João Wagner Galuzio
Escrevedor e Cantador
Escrevedor e Cantador
BRASILIA, BRAZILAND OU
BRASILISTÃO?
O bicho 'sapiens' é um mamífero
gregário por natureza, desde quando vivíamos em bandos nas árvores, há milhões
de anos e, em tribos e clãs desde umas poucas centenas de milhares de anos.
Somos e nos tornamos todos mais viáveis, quanto mais e melhor soubermos viver
bem integrados uns com os outros.
A evolução humana experimenta e
alterna momentos de franca evolução, muitas vezes em função do ambiente, mais
ou menos adverso e hostil, que exige radical adaptação, em séries de mudanças
que levam a uma terminal revolução. Ou muda ou nada.
Ah, eu sei que sou dramático,
mas não sou exagerado. Se as mudanças são inerentes e inexoráveis ao nosso
desenvolvimento humano e marcam o compasso de nossa evolução, mudanças muito
intensas e bastantes vezes mais frequentes e aceleradas, por vezes 'atravessam
o samba' num sincopado que pode até levar à fibrilação do nosso frágil tecido
social ou nacional.
Vivemos uma revolução
sócio-econômica-filosófica-cultural-etcetera-e-tal, em grande parte estimulada
pela concomitante revolução tecnológica. Inovações técnicas e metodológicas vão
à frente num andamento prestíssimo [andamento veloz], enquanto nossos
comportamentos e costumes seguem 'larghissimo' [andamento muuuuito lento (sic)]. Uma
das consequências disso é uma confusão moral que não poupa nem mesmo algumas de
nossas mentes mais preparadas que, inteligentes, mas cartesianas, sucumbem a
esse hiato que não é essencialmente racional, mas passional.

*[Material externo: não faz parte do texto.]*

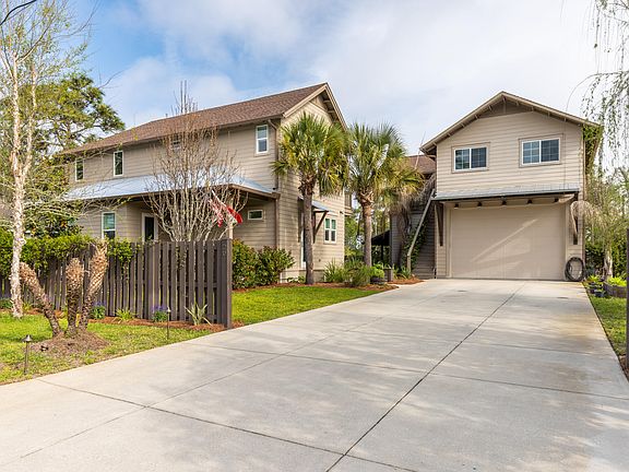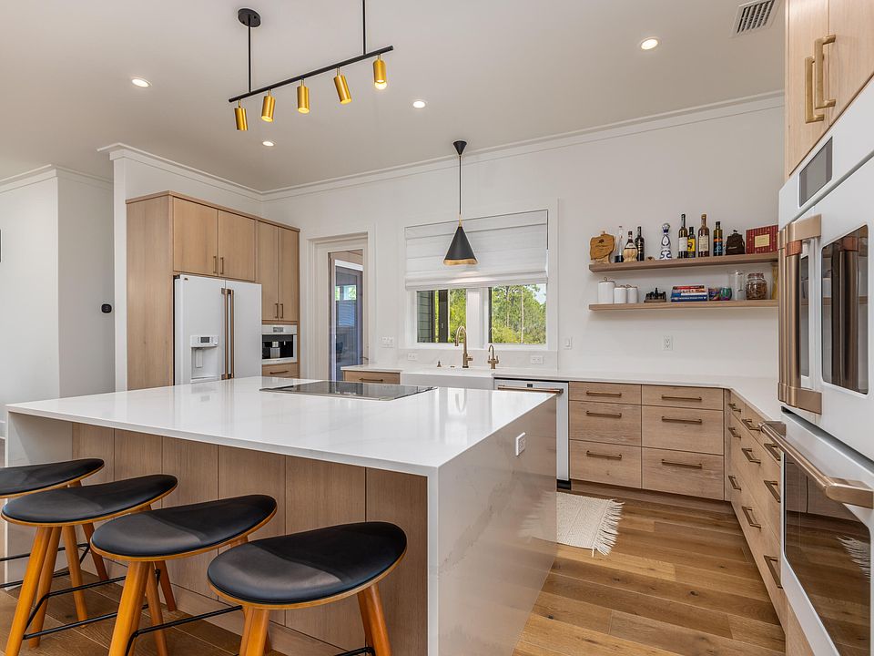 Elegant & Glamorous Custom-Built Home with Carriage House! Real potential for future STR income! All short distance to White Sandy Beaches of Florida's Emerald Gulf Coast & close proximity to Choctawhatchee Bay!Altogether there are 5 bedrooms, 4.5 baths amongst the, huge garage and plenty of parking! Enough room for your boat this heated/cooled garage. No HOA & No restrictions.Stunning Main house is 2,677 sqft, 3 bedroom, 3.5 bath, built 2021 and Guest house is 800 sqft, 2 bedrooms, 1 bath, built 2016. The extremely well-thought-out floor plan of the main home with such special attention to every detail will make you want to experience this property as Home Sweet Home!! As you walk up to this gorgeous home, you are greeted with a beautifully landscaped yard and quaint front porch. Venturing inside walks you straight into a glamorous home with its golden, crisp, clean touches everywhere! As you tour the home, you will see the white oak engineered floors, hand-crafted built-in cabinets galore tucked away throughout the home. The kitchen has floating shelves, and a large sit-in island with quartz waterfall countertops. Farm style sink, and very classy appliances. For convenience the custom-built laundry sits off the kitchen and unique cabinetry with mini-bar are inset under the stairwell.

Resultado dessa confusão, nossos
valores humanos, aqueles fundamentos que compõem, ao mesmo tempo, o alicerce e
o horizonte de nossa gente, são vilipendiados, para não dizer massacrados. Numa
fase anterior, já experimentávamos o que se convencionou chamar de 'inversão
de valores' que, já no Século XIX Ruy Barbosa denunciava:
“De tanto ver crescer a
injustiça, de tanto ver agigantar-se o poder nas mãos dos maus, o homem chega a
rir-se da honra, desanimar-se de justiça e ter vergonha de ser honesto. ”

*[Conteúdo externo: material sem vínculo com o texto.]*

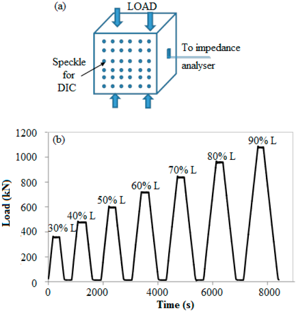 The front faces of the cubes were smoothened and a sprayed-on speckle pattern was created for measurement of surface displacements using the full-field optical technique known as digital image correlation (shown in Figure 1a). The baseline signatures of the PZT when attached to the substrate were taken. 20mm x 20mm PZT patches of 1 mm in thickness were used in the experimental study. In a typical impedance measurement, the frequency was varied between 1 kHz and 0.5 MHz at an applied voltage of 1V and data was collected at 800 discrete frequencies. Average of five measurements was collected. Impedance data was collected from the PZT patch in the free-state before attaching the PZT to the concrete cube. The baseline EM conductance signature and image were taken prior to the start of loading. Cubes were subjected to cyclic compressive loading of increasing magnitude where the load amplitude was increased in increments of 10% of the average compressive strength in every cycle. The loading procedure consisted of alternate loading and unloading cycles as shown in Figure 1b. During the loading, the conductance signatures and the image for DIC were recorded on top of the load cycle and after unloading.

Neste início de Século XXI,
tantas redes sociais virtuais, efêmeras e superficiais, vão se enroscando até quase rasgar a complexa malha
que forma uma nação, excluindo as diferenças, linhas diversas que deveriam
abrigar. Parece que vamos involuindo a um nível em que pouco se percebe a
inversão, pois parecem extintos os valores. Conectados, mas desintegrados,
somos indivíduos que enxergamos, reconhecemos e valorizamos cada vez mais
nossos próprios e exclusivos valores individuais. Vemos a nação se esmorecer em
grupos, comunidades ou corporações que, ou degringolam em movimentos sociais
'orwellianos' ou milícias xenófobas, que se reduzem a 'coletivos', expressão
que me parece bem adequada aos juntamentos de frações de interesses que buscam
uma conquista particular em "flash mobs" insanos.

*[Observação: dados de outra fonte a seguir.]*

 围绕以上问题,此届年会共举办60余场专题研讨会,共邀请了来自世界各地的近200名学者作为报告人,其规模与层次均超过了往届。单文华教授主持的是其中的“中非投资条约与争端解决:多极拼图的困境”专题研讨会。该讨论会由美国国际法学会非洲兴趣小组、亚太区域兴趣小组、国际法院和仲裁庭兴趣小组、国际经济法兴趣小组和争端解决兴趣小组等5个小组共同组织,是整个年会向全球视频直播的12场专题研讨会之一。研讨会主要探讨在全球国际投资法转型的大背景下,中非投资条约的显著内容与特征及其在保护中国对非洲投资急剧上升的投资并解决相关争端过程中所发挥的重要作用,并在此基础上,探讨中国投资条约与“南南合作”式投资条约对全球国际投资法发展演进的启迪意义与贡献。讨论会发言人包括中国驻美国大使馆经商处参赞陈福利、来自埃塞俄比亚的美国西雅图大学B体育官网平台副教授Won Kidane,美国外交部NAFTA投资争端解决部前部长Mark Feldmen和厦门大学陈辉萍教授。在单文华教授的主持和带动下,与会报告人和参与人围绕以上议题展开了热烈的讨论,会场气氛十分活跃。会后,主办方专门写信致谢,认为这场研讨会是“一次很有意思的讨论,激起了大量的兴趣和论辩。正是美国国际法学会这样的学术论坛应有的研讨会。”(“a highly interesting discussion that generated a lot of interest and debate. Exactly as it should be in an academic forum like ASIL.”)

Todos os povos, em todo planeta,
enfrentam ou já enfrentaram essas contradições, em maior ou menor grau, mas no
Brasil estamos às vésperas de rasgar o manto da consciência nacional, o que
poderá nos impor uma fatura impagável e implacável. Devemos, e não podemos
tardar, decidir nosso destino, o que desejamos para os nossos descendentes para
os séculos que virão. Qual tradição iremos adotar para realizar o nosso
'Brasilia'? Assim mesmo, masculino, sem acento, em latim: Brasil.
Na tradição da cultura
anglo-saxã, 'land' é o sufixo utilizado para designar a terra ou o lugar
próprio de um clã ou de uma tribo. England ou, ‘Ingla-terra’, é o território do
'anglos' ou, ingleses. Na Ásia, 'istão' é o equivalente sufixo nos idiomas
daquela região, para identificar a condição daquelas etnias 'que ficam ou se
estabelecem' num determinado território. Por isso, vemos lugares próprios dos
que são curdos, dos que são afegãos etc. denominados, respectivamente,
Curdistão, Afeganistão, entre outros.
O léxico romano também destaca
um sufixo [-ia] para indicar as pessoas de um lugar como pode-se encontrar
tantos exemplos na forma original, em alguns casos como -'Germânia', 'Hispânia'
e 'Brasília' ou, como em outros casos, o sufixo se mantém, veja-se Itália,
Suécia, Índia, Rússia e Croácia, entre centenas.
Então obstino. Nós brasileiros,
que país pretendemos para nossos filhos, qual é a nossa vocação? Que futuro
iremos preparar? Enquanto muitas nações, que superaram a barbaridade e hoje
demonstram algumas evidências de alto nível de civilidade seguem o modelo "land"
exatamente por saber valorizar a diversidade, de outro lado, tristemente,
muitos dos "istãos" parecem ter perdido a memória de um passado que,
quando não glorioso, fora muito sofisticado e vão retornando, orgulhosos e
determinados, quase à idade das cavernas, pois que em benefício de umas poucas
etnias, vociferam o que parece diferente.
O nosso 'Brasilia' (ratifico:
Brasil em latim) tem a oportunidade de escolher seu destino. Ou respeitamos e
valorizamos as nossas instituições e diferenças ao jeito "Braziland"
ou, se premiarmos as partes, as castas e as corporações de toda ordem política
ou profissional, iremos definhar e depauperar num dramático e inviável
"Brasilistão". A história é repleta de exemplos de nacionais que,
desejando salvar interesses de grupos, uns versus os outros, todos perderam.
Parece-me que não aprendemos. Eia pois, ouçamos a dolorosa sapiência histórica,
outrossim, vibrantes sofreremos a deliciosa ignorância retórica.
Sim, a sabedoria da história, com
azeda certeza é difícil, pois montar este “patchwork” social com matéria prima
tão excêntrica, é encargo para aqueles que, maduros, transaram seus valores
ancestrais e trançaram juntos seu futuro. A ignorância retórica é tão deliciosa
quanto ardilosa. É doce e suave o caminho daqueles que se encantam (e se
enganam) com a conversa gostosa dos que oferecem a seda lisa, fácil e suave,
desde que, imaculada seja sua ‘pós-verdade’, neologismo eufêmico para
estelionato intelectual, a falácia inefável.